Writing in the Washington Post last week, Robert Kagan argues that for all the emphasis we’re placing on new challenges in the year, much of our work will involve well-established ideas. Among them: “Military force matters: At a time when all we hear about is “soft” and “smart” power, it is ironic that some of the toughest challenges in the coming year will be about old-fashioned hard, dumb military power. Will Israel use force against Iran? Will the United States? Will Washington and its allies end up playing a role in Syria to protect civilians as they did in Libya? Similar questions exist for Asia. . . .Conventional wisdom now puts too much weight on “soft” power. We should not overestimate how much the world loves us because of our virtues, nor underestimate how much our influence still depends on hard power and our ability to provide protection in a pinch.”
My problem in understanding whether Kagan’s advice is right or wrong is the same problem I have in reacting to the Pentagon’s recalibration of America’s strategic vision of the the future: I just don’t understand anymore what America gets for its military expenditures. I literally do not know. What does China do or not do because we have a powerful military? What does Russia do or not do? What does any country do or not do? What does our vast arsenal of nuclear weapons obtain for us that would not otherwsise come our way? And what can we reasonably expect our military might to accomplish?
There was a time when ordinary Americans were given explanations for military expenditures. We had to protect against Soviet tanks coming through the Fulda Gap. We had to defend ourselves against ICMB strikes.

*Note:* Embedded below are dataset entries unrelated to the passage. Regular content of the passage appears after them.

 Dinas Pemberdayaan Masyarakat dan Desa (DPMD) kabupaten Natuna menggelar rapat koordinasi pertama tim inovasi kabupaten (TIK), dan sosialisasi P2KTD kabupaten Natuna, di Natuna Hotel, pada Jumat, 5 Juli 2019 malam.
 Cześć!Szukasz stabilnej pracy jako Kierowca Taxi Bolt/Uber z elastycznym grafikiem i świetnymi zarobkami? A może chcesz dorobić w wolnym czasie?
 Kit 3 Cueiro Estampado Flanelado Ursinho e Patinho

We had to resist communist expansion throughout the world. We could not allow the Soviets to place missiles in Cuba. Whether these explanations were bogus or not, exaggerated or not, explanations were made.

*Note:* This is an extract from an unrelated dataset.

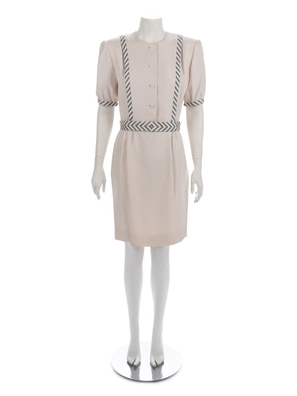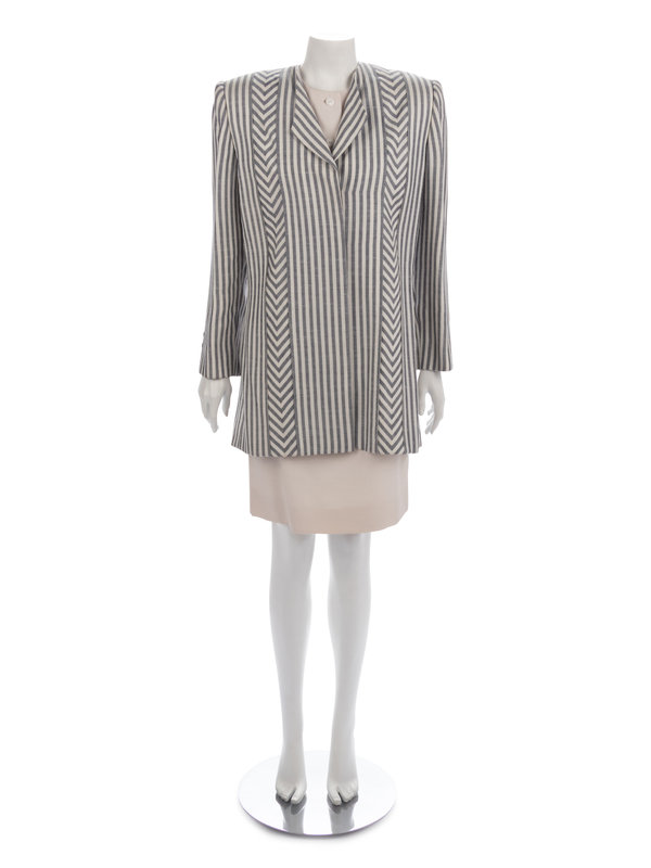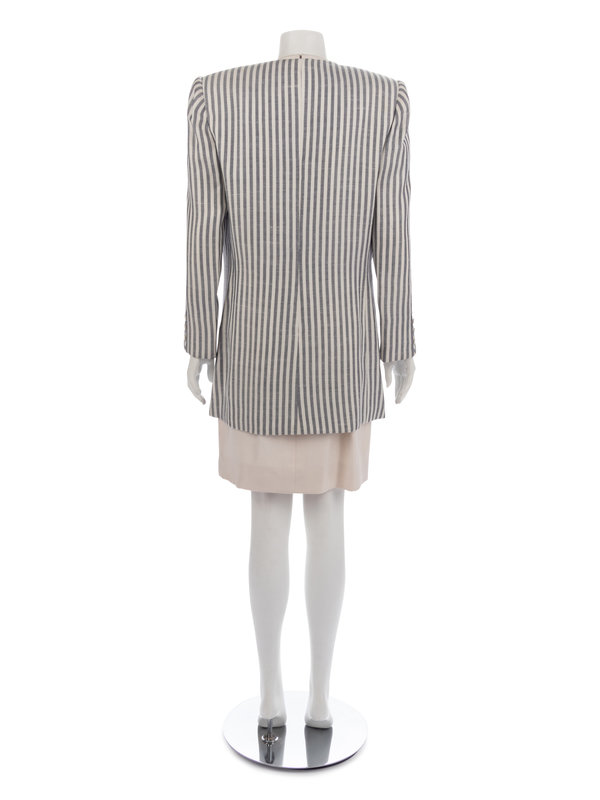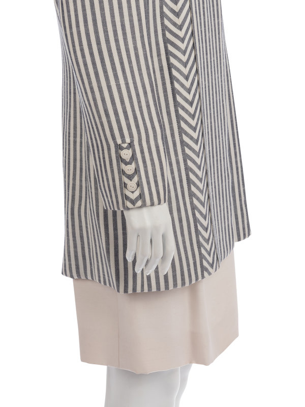 White with blue stripe cotton/silk blend jacket with sewn chevron detail and front button closure. Paired with an off-white silk shantung dress with blue and white stripe detail, puff short sleeves, center back zipper closure, and striped fabric belt.

I don’t know what we ought to be concerned with right now. Ethiopian pirates? Crazy North Koreans? A nuclear Iran that wants to do what? Whatever the threat is, how does having a million men at arms address it.
I would love to hear our government talk about the threats they envision that will be addressed by arms. Where do they think we might engage China? Do they think we’re going to have to invade Iran? What do our guarantees to Israel require us to do, and do these guarantees give us any sway over the Israeli government’s policies? Are we still vulnerable to realistic threats of terror from Islamic fundamentalists, and what percentage of our forces is devoted to fighting those threats?
Absent these explanations, what it seems is that we’re past a lot of Cold War era threats, and that we don’t have very many current threats that justify our present levels of spending, but that we don’t know what might be coming, so we need to stay strong. The problem with that notion is that while it may seem prudent, the reality is that if you have an army sitting around, people start thinking of ways to use it, and before long, you’re in Iraq. It’s good that the president wants to cut eight percent of the Pentagon budget, but I’d like him to explain why he thinks he needs the other 92 percent.